*Task prompt:* Each record that follows is to be transcribed exactly, excluding its images.

____________________

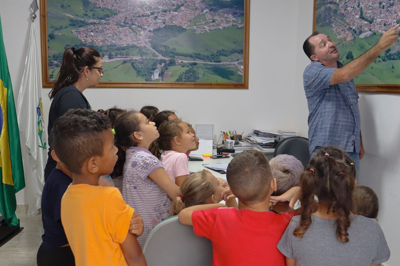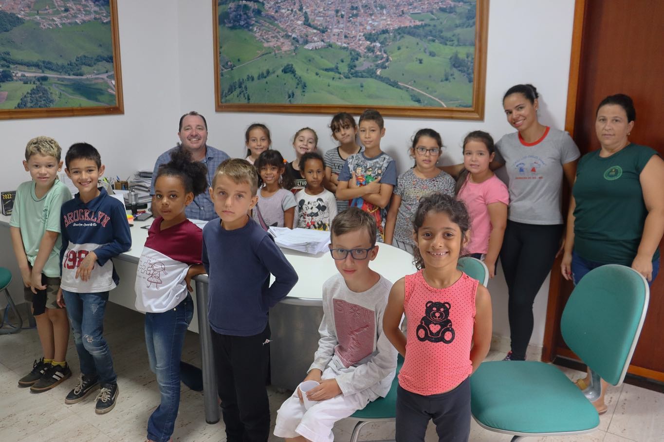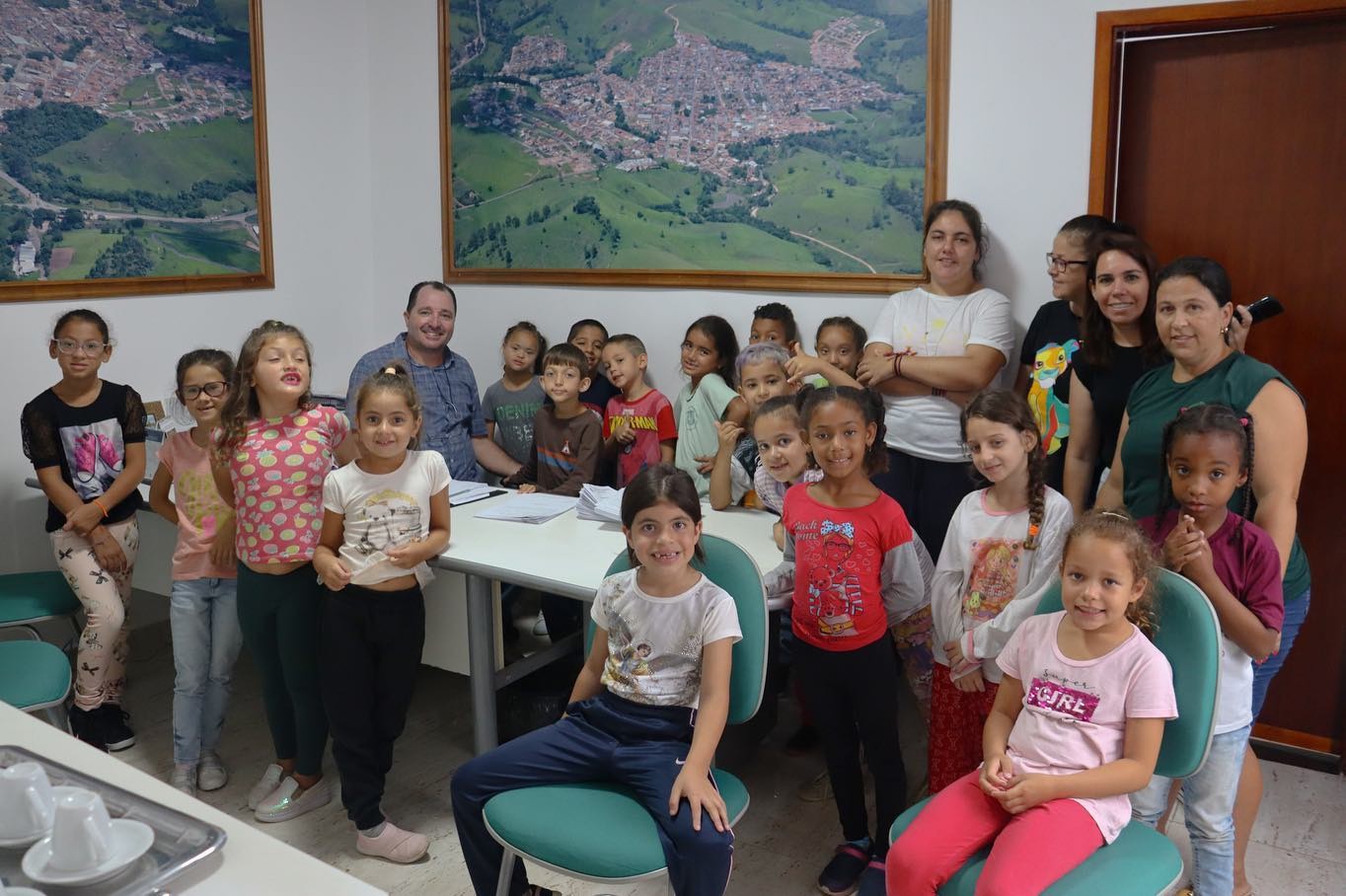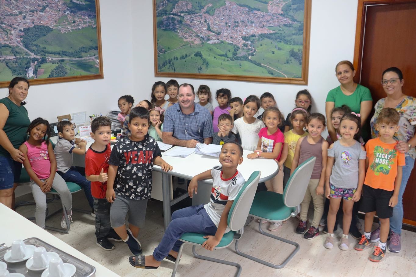 As crianças ficaram super empolgadas com a visita, fizeram perguntas ao prefeito sobre trabalho e rotina, e se divertiram com as fotos aéreas do município nas paredes do local.
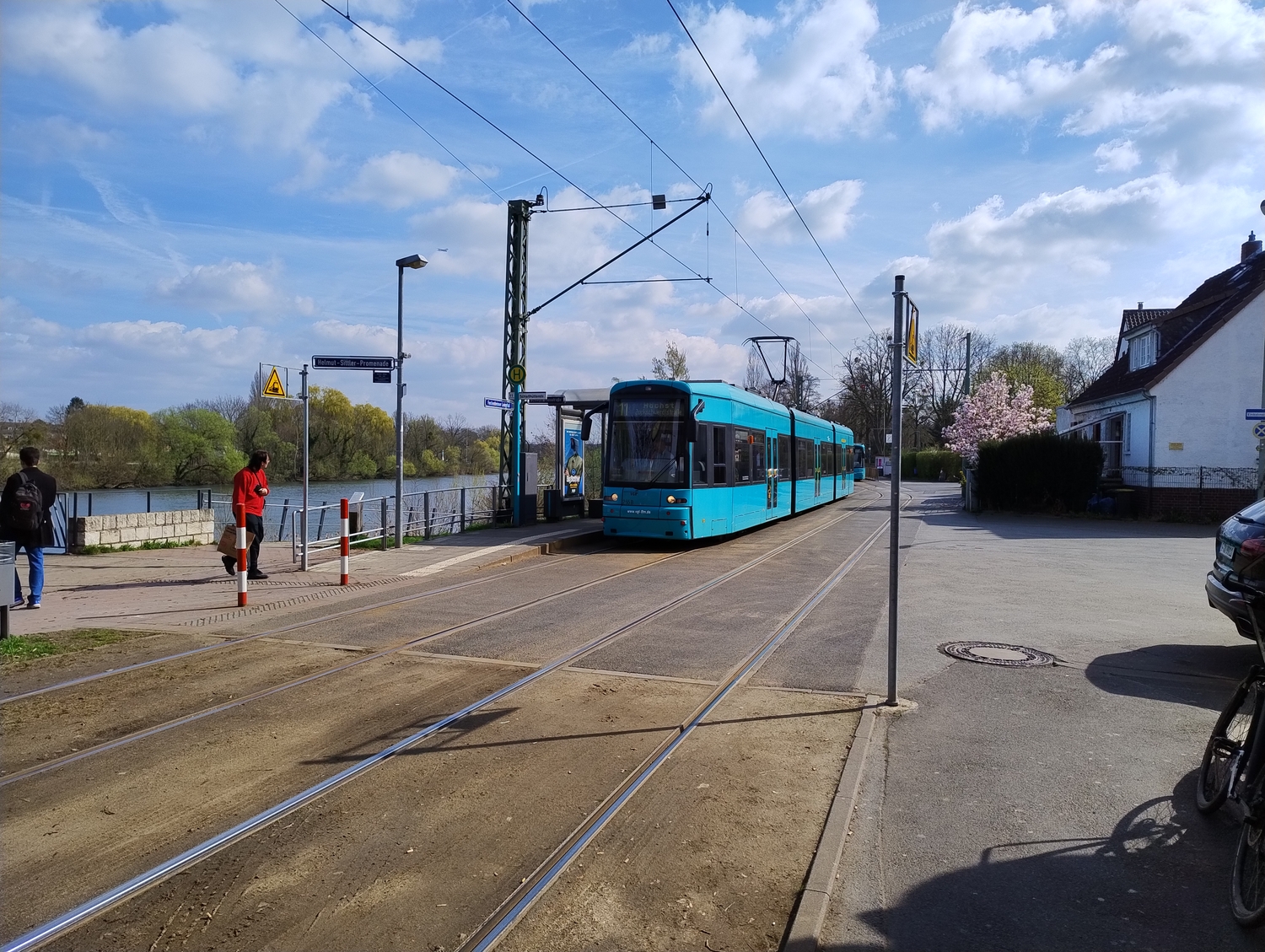 Über die Endhaltestelle der Straßenbahnlinie 11 in Fechenheim und das Streckenstück entlang am Main habe ich in diesem Blog schon mehrfach geschrieben (1, 2 und 3).
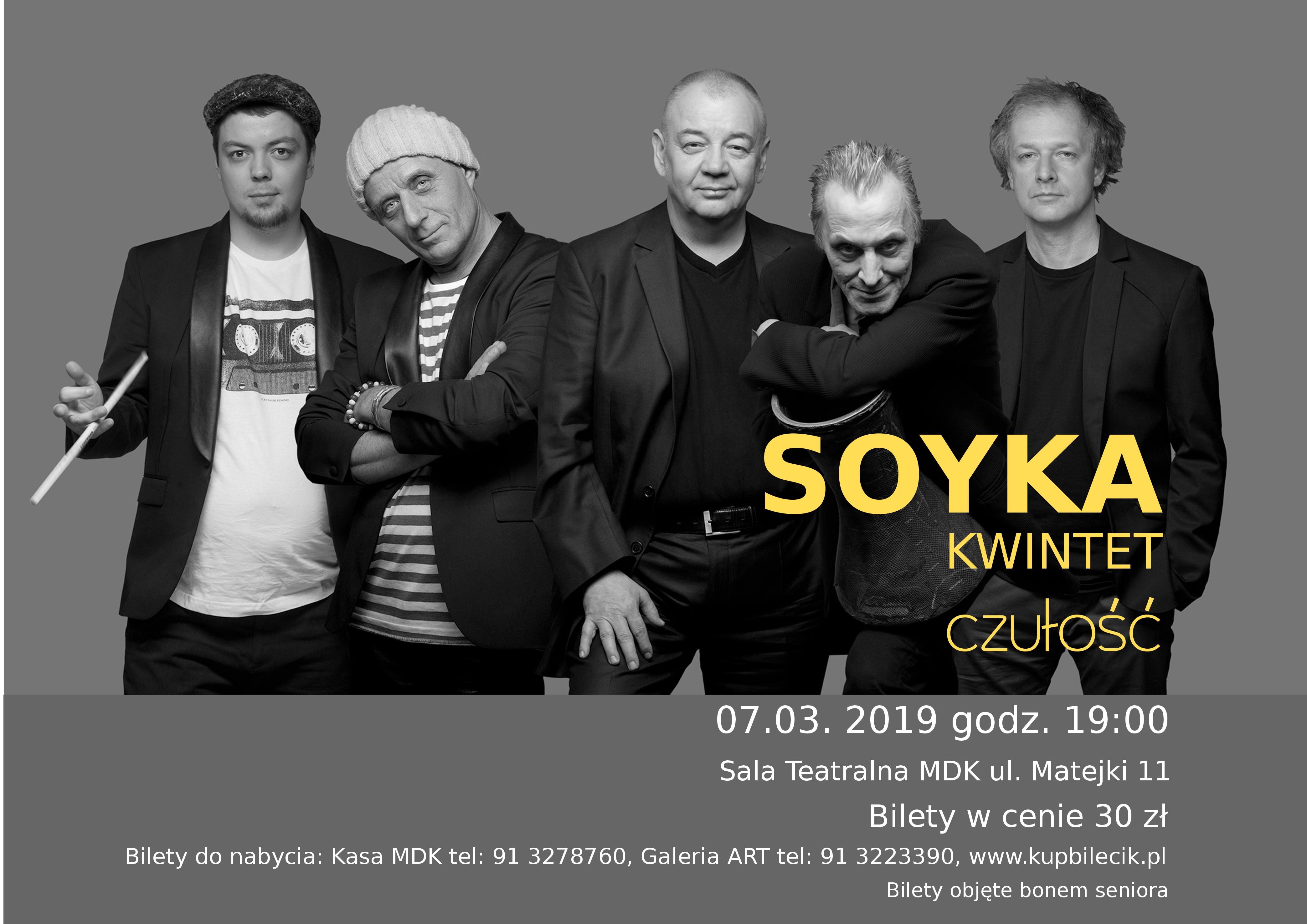 Tym razem wystąpi z zespołem SOYKA KWINTET. Towarzyszyć mu będą Przemek Greger na gitarze akustycznej, syn Kuba na perkusji, Zbyszek Uhuru Brysiak na instrumentach perkusyjnych oraz Antoni Gralak na trąbce. SOYKA KWINTET stanowi bogatą i niebywale ciekawą paletę kolorystyczną a jazzowe temperamenty i kompetencje wyzwalają podczas nagrań i w czasie koncertów tę unikalną moc muzyki improwizowanej.
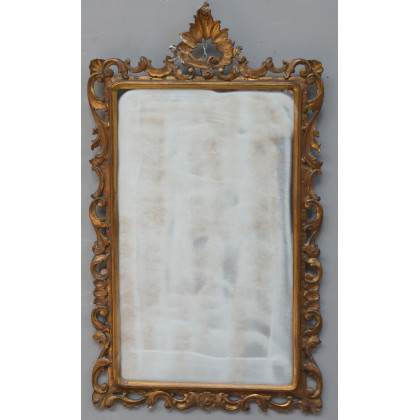 Specchiera in legno intagliato e dorato a decoro rocaille (cm 78x135) (difetti e mancanze)
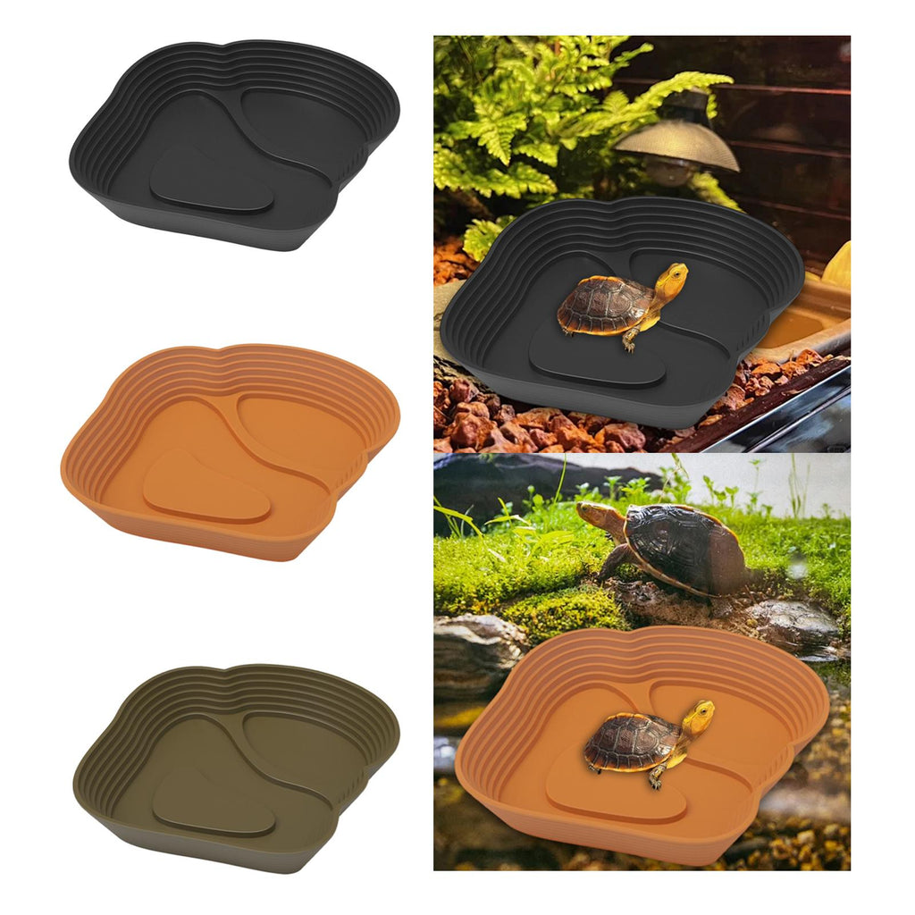【Spacious Layout】: Tortoise Water Bath Bowl features separate bathing and sunbathing areas, allowing your tortoise to easily switch between activities for more comfortable experience
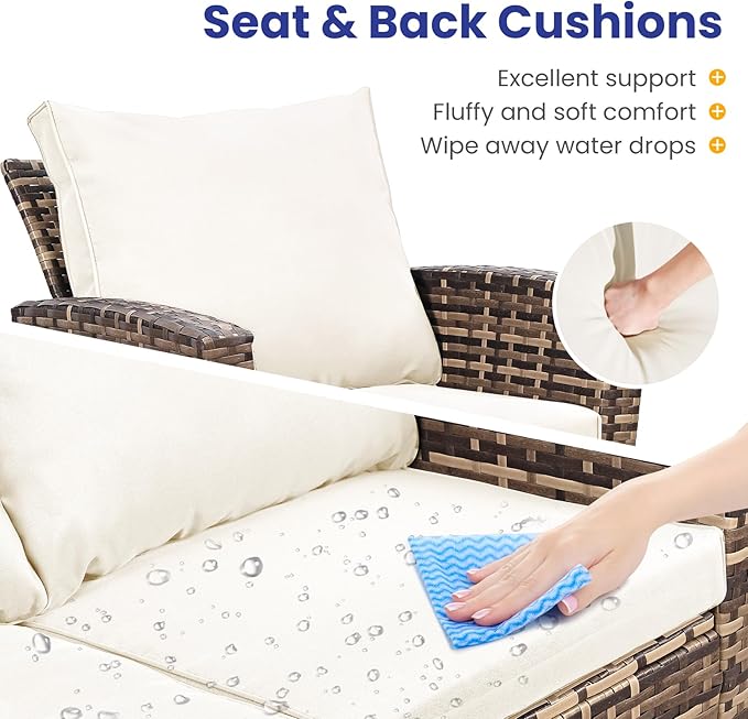 - All-Weather Durability: Built to last,the patio furniture set combines rugged construction with low-maintenance care. The powder-coated steel frame and handwoven PE wicker can spend less time maintaining and more time enjoying your outdoor
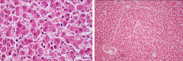 | Dégénérescence hépatique hydropique diffuse | Désorganisation hépatique diffuse |
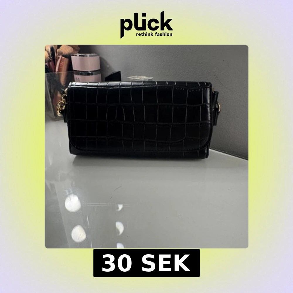 Snygg svart axelväska i croco-mönstrat skinnimitation med guldig kedjerem. Väskan har en rektangulär form och stängs med lock. Går även att lägga in kedjan i väskan så det blir ungefär som en kuvertväska. Säljer den billigt då färgen på kedjan är dålig.
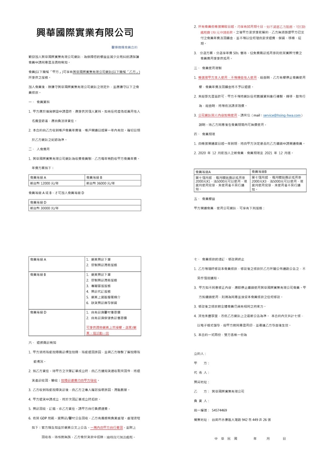 所有會員依帳號開啟日起,均享有試用期七日,如不滿意乙方服務,可扣除處理費 150 元申請退款。之後甲方要求提前解約,乙方無須返還甲方已支付之會員年費及回饋金,並不得以任何理由要求退費、保留、移轉、延期。
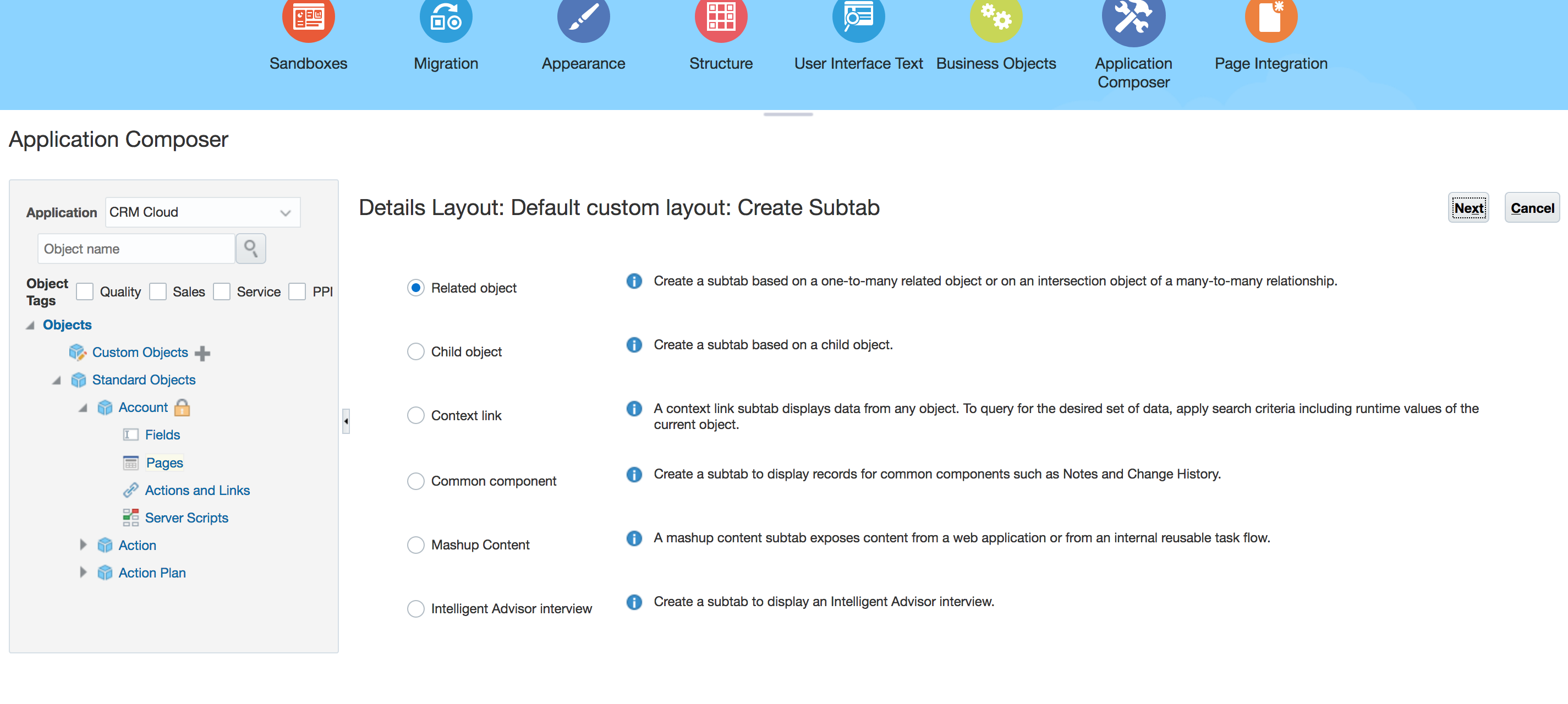During your upgrade, most existing customizations made in Application Composer are automatically updated to the latest enhanced behavior in the new release. However, there are a few exceptions, which require you to manually initiate the upgrade script for each of those customizations.

____________________

*Answer to this exercise:*
 As crianças ficaram super empolgadas com a visita, fizeram perguntas ao prefeito sobre trabalho e rotina, e se divertiram com as fotos aéreas do município nas paredes do local.
 Über die Endhaltestelle der Straßenbahnlinie 11 in Fechenheim und das Streckenstück entlang am Main habe ich in diesem Blog schon mehrfach geschrieben (1, 2 und 3).
 Tym razem wystąpi z zespołem SOYKA KWINTET. Towarzyszyć mu będą Przemek Greger na gitarze akustycznej, syn Kuba na perkusji, Zbyszek Uhuru Brysiak na instrumentach perkusyjnych oraz Antoni Gralak na trąbce. SOYKA KWINTET stanowi bogatą i niebywale ciekawą paletę kolorystyczną a jazzowe temperamenty i kompetencje wyzwalają podczas nagrań i w czasie koncertów tę unikalną moc muzyki improwizowanej.
 Specchiera in legno intagliato e dorato a decoro rocaille (cm 78x135) (difetti e mancanze)
【Spacious Layout】: Tortoise Water Bath Bowl features separate bathing and sunbathing areas, allowing your tortoise to easily switch between activities for more comfortable experience
 - All-Weather Durability: Built to last,the patio furniture set combines rugged construction with low-maintenance care. The powder-coated steel frame and handwoven PE wicker can spend less time maintaining and more time enjoying your outdoor
 | Dégénérescence hépatique hydropique diffuse | Désorganisation hépatique diffuse |
 Snygg svart axelväska i croco-mönstrat skinnimitation med guldig kedjerem. Väskan har en rektangulär form och stängs med lock. Går även att lägga in kedjan i väskan så det blir ungefär som en kuvertväska. Säljer den billigt då färgen på kedjan är dålig.
 所有會員依帳號開啟日起,均享有試用期七日,如不滿意乙方服務,可扣除處理費 150 元申請退款。之後甲方要求提前解約,乙方無須返還甲方已支付之會員年費及回饋金,並不得以任何理由要求退費、保留、移轉、延期。
During your upgrade, most existing customizations made in Application Composer are automatically updated to the latest enhanced behavior in the new release. However, there are a few exceptions, which require you to manually initiate the upgrade script for each of those customizations.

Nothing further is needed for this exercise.